Possible side effects of radiotherapy vary in accordance with numerous factors. Our physicians explain possible side effects that might occur during or after treatment to each patient. The majority of such side effects are entirely temporary and subside after treatment. It should also be noted that mitigating medication can be used for all side effects. In this regard, side effects should be conceived as temporary issues experienced almost by everyone, not at all as an indication of adverse course of treatment or disease.

Healthy cells that are within the target area radiotherapy are influenced by treatment too. Furthermore, the actual location and width of the treatment site matters. Side effects tend to be more frequent in wider areas. Daily doses, total doses and medication taken at the same time may modify side effects. Profile of side effects is directly relevant to performance and age status as well as to choice and quality of radiotherapy.   

Side effects on the skin occur in direct proportion to dosage increases and at later stages of treatment. Likewise, likelihood of side effect is higher in thin or creasing tissues where adequate hygiene and aeration may be difficult, such as the armpits, neck, anus and mouth.
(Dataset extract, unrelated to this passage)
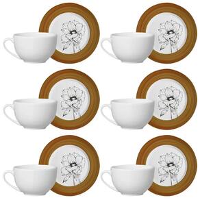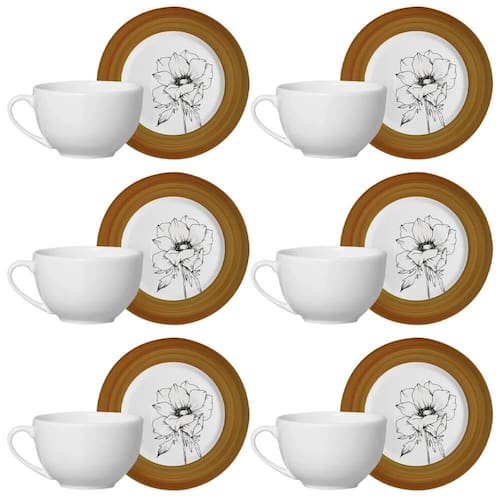 - Kit com 6 Xícaras e 6 Pires - Capacidade 250ml - Produzidas em Cerâmica Ean: 7908199461448

Initially appearing in the form of mild redness similar to sunburn, these may turn into purulent open wounds. Radiotherapy on the head and neck may impact the teeth, rendering them more prone to decay. This is why regular dentist checks are essential in these cases. As intraoral tissues are more sensitive to radiation, they may form oral sores. This also requires proper oral care. Other common side effects are drying in the mouth and difficulty swallowing because of lower salivary production. 

The patient’s sense of taste might become disrupted and skin sores could emerge during radiotherapy on the neck. Patients are advised to avoid alcohol and smoking while receiving radiotherapy because of their irritant effects. Impacts associated with lower appetite, voice changes, hair loss, difficulty swallowing in radiotherapy applications on the chest, vomiting, nausea, malaise, fatigue, dyspnea and dry coughs can be listed as the most common side effects. Diarrhea is also quite common with radiotherapy targeting the stomach and upper/lower abdomen. Gastric cramps and bloating may be accompanied with nausea, vomiting, low appetite, weight loss and painful urination.
Radiation oncologists draws up a treatment plan specifying the total days of treatment, number of sessions and radiation dose. They are also responsible for detecting and addressing medical problems that could occur during the course of treatment.
Taking into consideration the radiobiological characteristics of healthy and cancerous cells, high-dose radiotherapy is often performed in numerous sessions rather than at once. While this may change depending on the diagnosis, a period of 4 to 8 weeks on average is necessary for treatment. Spreading the process over time in this manner allows the body to dispose of the effects of radiation.